Xiao Jinyan la interrumpió fríamente: —El mismo error, lo has cometido dos veces.

¿De qué sirve mantener a una sirvienta olvidadiza como tú?

Dongmei tembló de miedo.

Xiao Jinyan ordenó con frialdad: —Que alguien arrastre a Dongmei a la Oficina de Castigos y envíe a un Médico Imperial para que trate a la Dama Chang.

Asustada, Dongmei se postró en el suelo suplicando piedad: —¡Su Alteza, perdone mi vida!

El Eunuco Liu ordenó a dos eunucos que arrastraran a Dongmei a la Oficina de Castigos y luego fue a llamar al Médico Imperial al Salón Xinlan.

En ese momento, en el Salón Xinlan, la Dama Chang se miraba el tobillo, que acababa de torcerse de nuevo y ahora estaba muy hinchado.

Mimada desde joven, no podía soportar un dolor tan insoportable.

Por el puesto de Princesa Heredera, lo había dado todo.

Justo en ese momento, el Eunuco Liu llegó con el Médico Imperial.

En el momento en que la Dama Chang vio entrar al Eunuco Liu, un rayo de esperanza se encendió en su corazón: el Príncipe Heredero todavía se preocupaba por ella.

Con una leve sonrisa en los labios, el Eunuco Liu dijo: —Dama Chang, como ve, he traído al Médico Imperial para que la revise.

La Dama Chang no vio la figura del Príncipe Heredero y miró al Eunuco Liu con confusión: —¿Dónde está Su Alteza?

—En respuesta a la Dama Chang, Su Alteza está ocupado con asuntos oficiales y no tiene tiempo de venir ahora.

Me ordenó específicamente que trajera al Médico Imperial para no retrasar su tratamiento.

Tras decir esto, el Eunuco Liu se giró para dar instrucciones al Médico Imperial: —Médico Imperial, revise rápidamente el estado de la Dama Chang.

Si su pie se arruinara, no podríamos asumir la responsabilidad.

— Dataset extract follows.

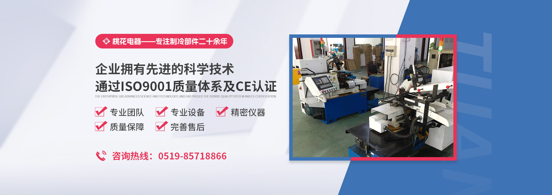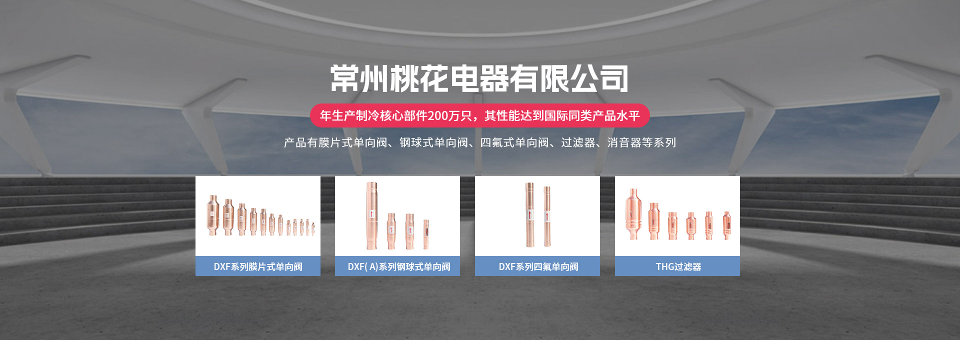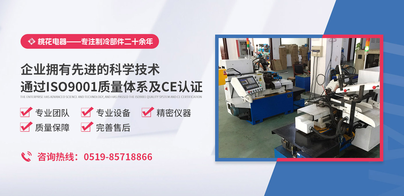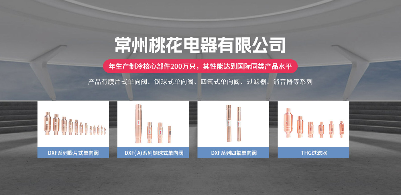 常州桃花電器有限公司地處中國長江“金三角”之稱的上海至南京高速公路、城際高鐵、常州高新經濟技術開發區路段,交通便利、技術力量十分雄厚。它是集研究、開發設計、制造和經營制冷核心部件的企業,主要生產中央空調上使用的制冷部件。產品有膜片式單向閥、鋼球式單向閥、四氟式單向閥、過濾器、消音器等系列。年生產制冷核心部件200萬只,其性能達到國際同類產品水平?! ∑髽I擁有先進的科學技術、國際先進的生產加工設備和精密的檢測儀器,并已通過ISO9001質量體系及CE認證,公司歷史悠久,2000年起,經過長期積累、沉淀,經驗豐富,從而保證了產品的高質量、高性能、高耐用性。企業產品在國內外市場具有較高的知名度,深受眾多中外品牌制冷客商的好評。主要客戶有約克、麥克維爾、美的、開利、特靈、頓漢布什、清華同方、天加等.并出口北美、歐洲、東南亞等地區。  高品質產品是企業的保證,周到服務是合作友誼的承諾,企業本著“求

El Médico Imperial asintió y se apresuró a dejar su maletín de medicinas, agachándose para examinar el pie herido de la Dama Chang.

El Eunuco Liu se inclinó para echar un vistazo y, al verle el tobillo hinchado y descolorido, exclamó sorprendido: —Esta herida parece muy grave.

He oído que masajearla con vino medicinal puede acelerar la recuperación.

El Médico Imperial asintió de acuerdo: —El Eunuco Liu tiene razón, masajear un pie torcido con vino medicinal puede reducir la hinchazón para el día siguiente.

—Entonces, apúrese y prepárelo para la Dama Chang.

Solo cuando baje la hinchazón podrá sanar su pie y Su Alteza estará tranquilo —enfatizó el Eunuco Liu lo último.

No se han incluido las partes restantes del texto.